Despite the wide availability, low cost, portability, and patient acceptability, particularly in those poorly cooperative, there are some limitations to an extensive US application in the setting of COVID-19, when compared to CT or X-ray [69]: (1)Increased time and closer exposure for the operators to patients and vice versa, in comparison to other diagnostic modalities; therefore, US has the potential to increase the chances of infection(2)Decontamination with liquid disinfectants is needed after COVID-19 examinations, and this might accumulate on the keyboard or in the command buttons(3)Digital instrumentation, such as the transducers of the screen, could be potentially damaged using an aggressive decontamination liquid, and at the same time, the effectiveness of standard cleaning tissues could not be sufficient; the correct disinfection modalities are still unknown to some operators(4)As for the case in the sterile theatre environment, the use of transparent, thin, disposable nylon bags might not entirely cover the US scanner but only the part in use at that given moment. Yet, this is not sufficient for the scanner to be utilized in non-COVID areas; thus, it is recommendable to provide each ward with a permanently located device, not to be shared with clean zones(5)There is no evidence regarding the reproducibility and univocal interpretation of lung US in the assessment of SARS-CoV-2 pulmonary involvement, and we know interoperator reproducibility is a major concern when it comes to US. There might be a smooth learning curve, although this is only supposed since it is not ethical to recruit personnel to be exposed to COVID-19 only for testing purposes

5.3. Follow-Up Post-LT

Patients should be followed up in their own centres when necessary, although we strongly encourage avoiding hospital visits for routine control visits and recommend online consultation via telemedicine. Probably, this will continue also later on, in the postpandemic scenario, especially for patients with reasonable established maintenance, where they could feel more comfortable in avoiding in-person visits with healthcare professionals [70].

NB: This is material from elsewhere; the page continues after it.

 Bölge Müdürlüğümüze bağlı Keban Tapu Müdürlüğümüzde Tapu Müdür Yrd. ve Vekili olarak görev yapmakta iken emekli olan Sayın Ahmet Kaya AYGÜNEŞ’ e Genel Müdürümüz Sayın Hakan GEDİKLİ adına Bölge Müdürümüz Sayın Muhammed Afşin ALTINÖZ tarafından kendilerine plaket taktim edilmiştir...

However, remote consultation is not sufficient for patients with evidence of posttransplant complications, who therefore should attend in-person clinic and standard visits with the transplant staff. Symptoms such as fever, cough, and dyspnoea could be an early alarm for COVID-19; therefore, screening in accordance with the national/local protocol is recommended to intervene as early as possible [71].

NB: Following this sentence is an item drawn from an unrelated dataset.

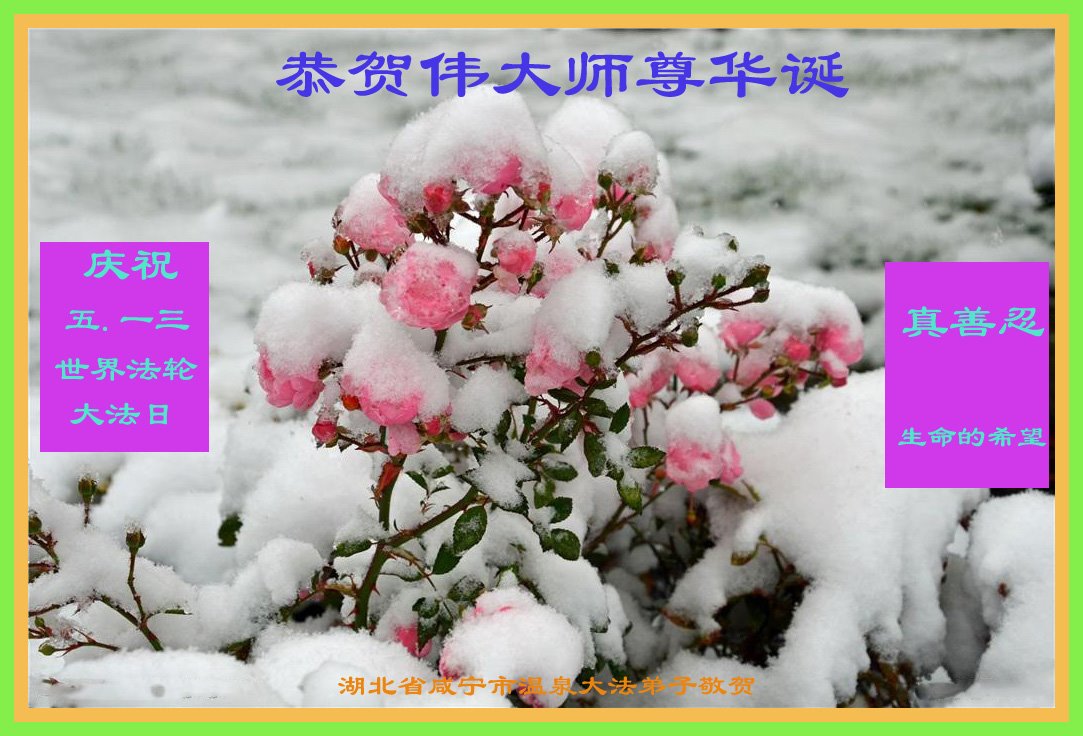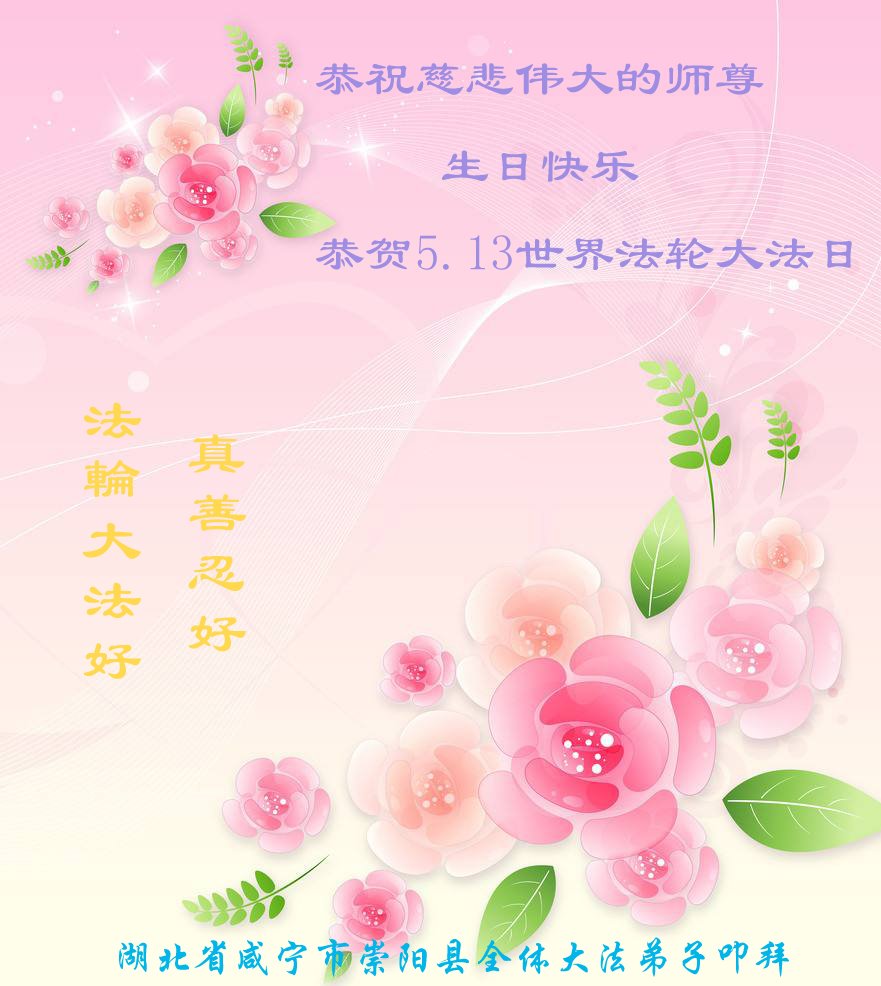 湖北省咸宁市崇阳县全体大法弟子恭祝慈悲伟大的师尊生日快乐!恭贺5.13世界法轮大法日!

Finally, LT recipients and candidates should be considered a high priority for vaccination strategies: surgery per se is associated with worse outcomes [2, 72], and often the underlying comorbidities of end-stage liver disease patients represent additional risk factors for higher mortality.

6. Conclusion

LT relies on an appropriate imaging method for its success; during the COVID-19 pandemic, it has been demonstrated that early signs of SARS-CoV-2 infection could be only detected by means of chest CT and that other screening modalities are less accurate. The increasing impact of radiology to limit the virus spread, joint to the early management of the disease complications, reinforces the need for a multidisciplinary approach in LT candidates and recipients; these frail patients benefit from close radiological monitoring. In consideration also of the necessity to reduce in-person visits and follow-up, it is possible that new routine exams will be performed aiming to early capture post-LT complications. This will also be applied to LT candidates or living donors to limit their hospital access but in this way provide a comprehensive view of the medical conditions and surgical anatomy.


CAP:Controlled attenuation parameter
COVID-19:Coronavirus Disease 2019
CT:Computed tomography
ICU:Intensive care unit
LS:Liver stiffness
LT:Liver transplant
MRI:Magnetic resonance imaging
pSWE:Point shear wave elastography
RT-PCR:Reverse transcriptase-polymerase chain reaction
SARS-CoV-2:Severe Acute Respiratory Syndrome Coronavirus-type 2
SWE:Shear wave elastography
TE:Transient elastography

Data Availability

The data supporting this review have been provided throughout the text.

Conflicts of Interest

The authors declare no conflict of interest with relevance to the present manuscript.